Still, some of the teachers didn’t understand that intelligence is not measured by how much
homework you can do. “One night’s assignment for just one subject was to create dialogue for a
Shakespeare character, soak stationery in tea and crumple it to look like parchment, and write the
dialogue in ink — in calligraphy,” Beavers said. “Sheer torture for a learning-disabled student.”

After two years at Barnsley, her son wanted to go to a math-science magnet school but failed to
qualify. He finished only half the math questions in the allotted time; all were correct.

He enrolled at Westland Middle School, where Beavers asked for a 504 Plan, part of a federal law
that requires schools to give children with disabilities a boost. She presented his high test scores and
the B’s and C’s he was getting because of late or missing work. She asked for extra time on tests and
other accommodations. The head of the school’s education management team said, “I feel sorry for
your son. You are clearly pressuring him to make A’s,” then walked out. A spokesman for the county
schools declined to comment, citing privacy issues.

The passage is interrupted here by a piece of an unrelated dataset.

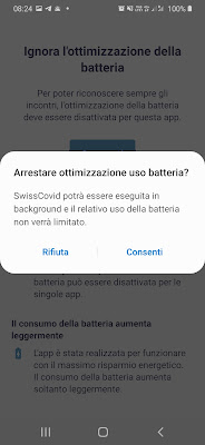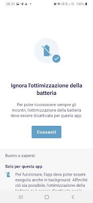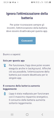 Poi viene chiesto di ignorare l’ottimizzazione della batteria in modo da consentire all’app di essere sempre attiva, anche quando è in background. Questo fa aumentare il consumo della batteria “soltanto leggermente”.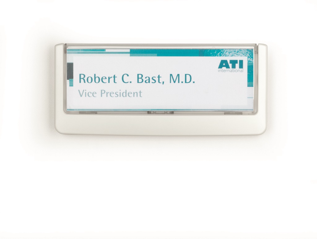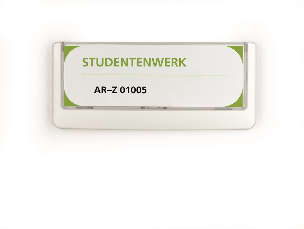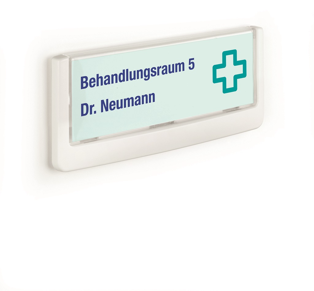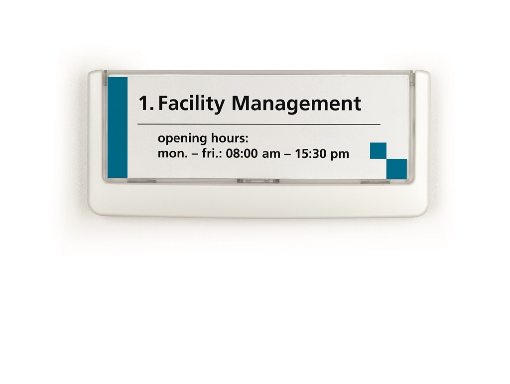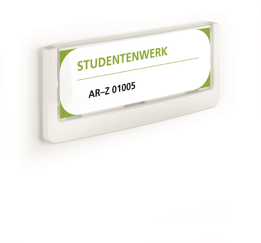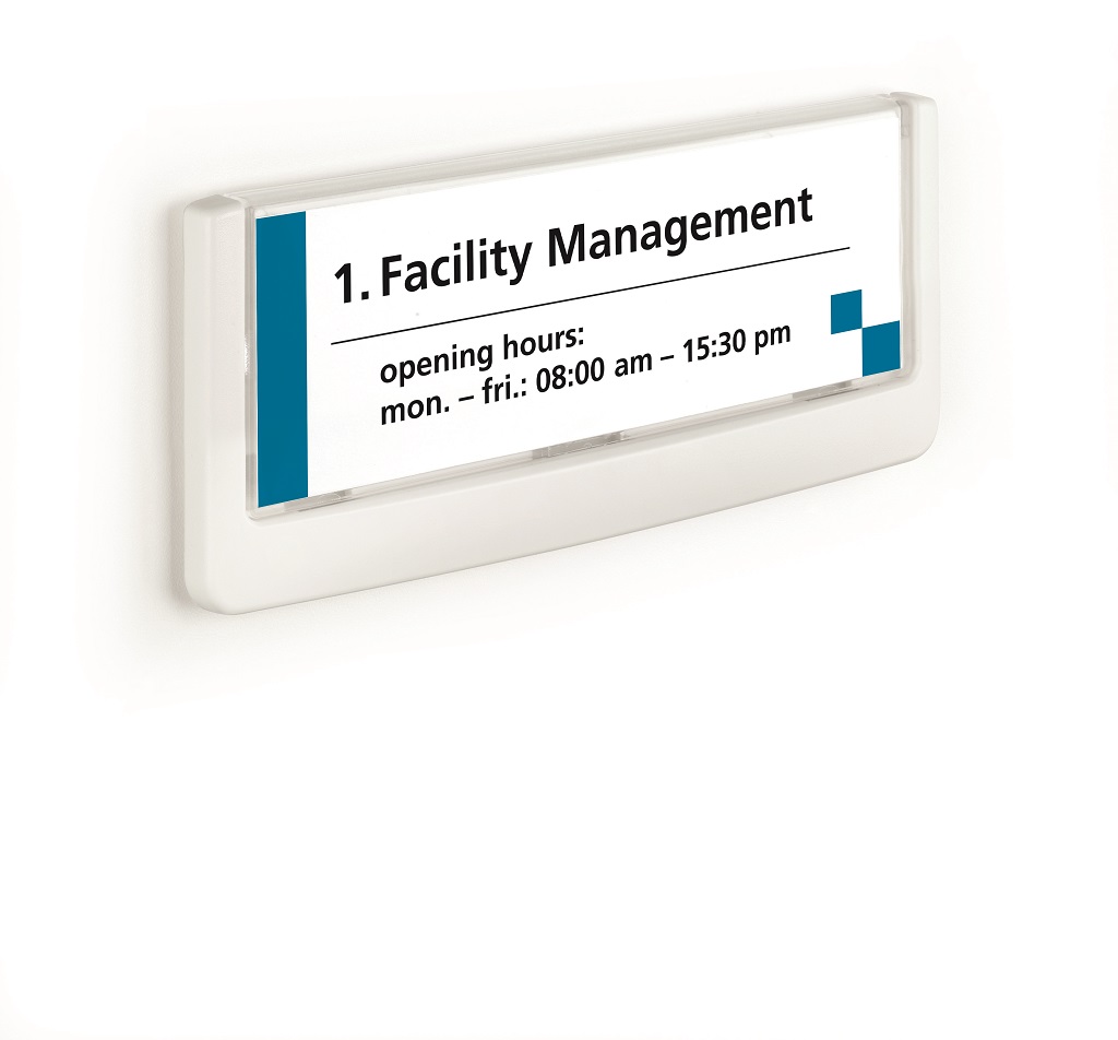 Moderná informačná tabuľka na dvere s lemom v bielej farbe. Predný panel sa otvára na jedno zatlačenie, a tým sa jednoducho sprístupnia vložené popisné papiere, ktoré sa môžu vymieňať podľa potrieb. Ideálna do kancelárií, úradov, škôl, univerzít a hotelov. Súčasťou balenia je montážna sada s názorným návodom. Namiesto pevného montovania môže byť tabuľka k povrchu aj prilepená.

Beavers thought her daughter would do better at Holton-Arms, a private school for girls in Bethesda.
Based on her test scores she was placed in the highest math group and given extra time on tests. But
when Beavers asked the school to cut back on repetitive homework as long as each concept was
covered, the response was: “We don’t offer that accommodation.”

If you wish to think Beavers was gaming the system, that’s your right. I have studied
too many of these cases to accept that explanation. Why not make more of an effort to persuade
teachers with personal views on this to try accommodation and see what happens?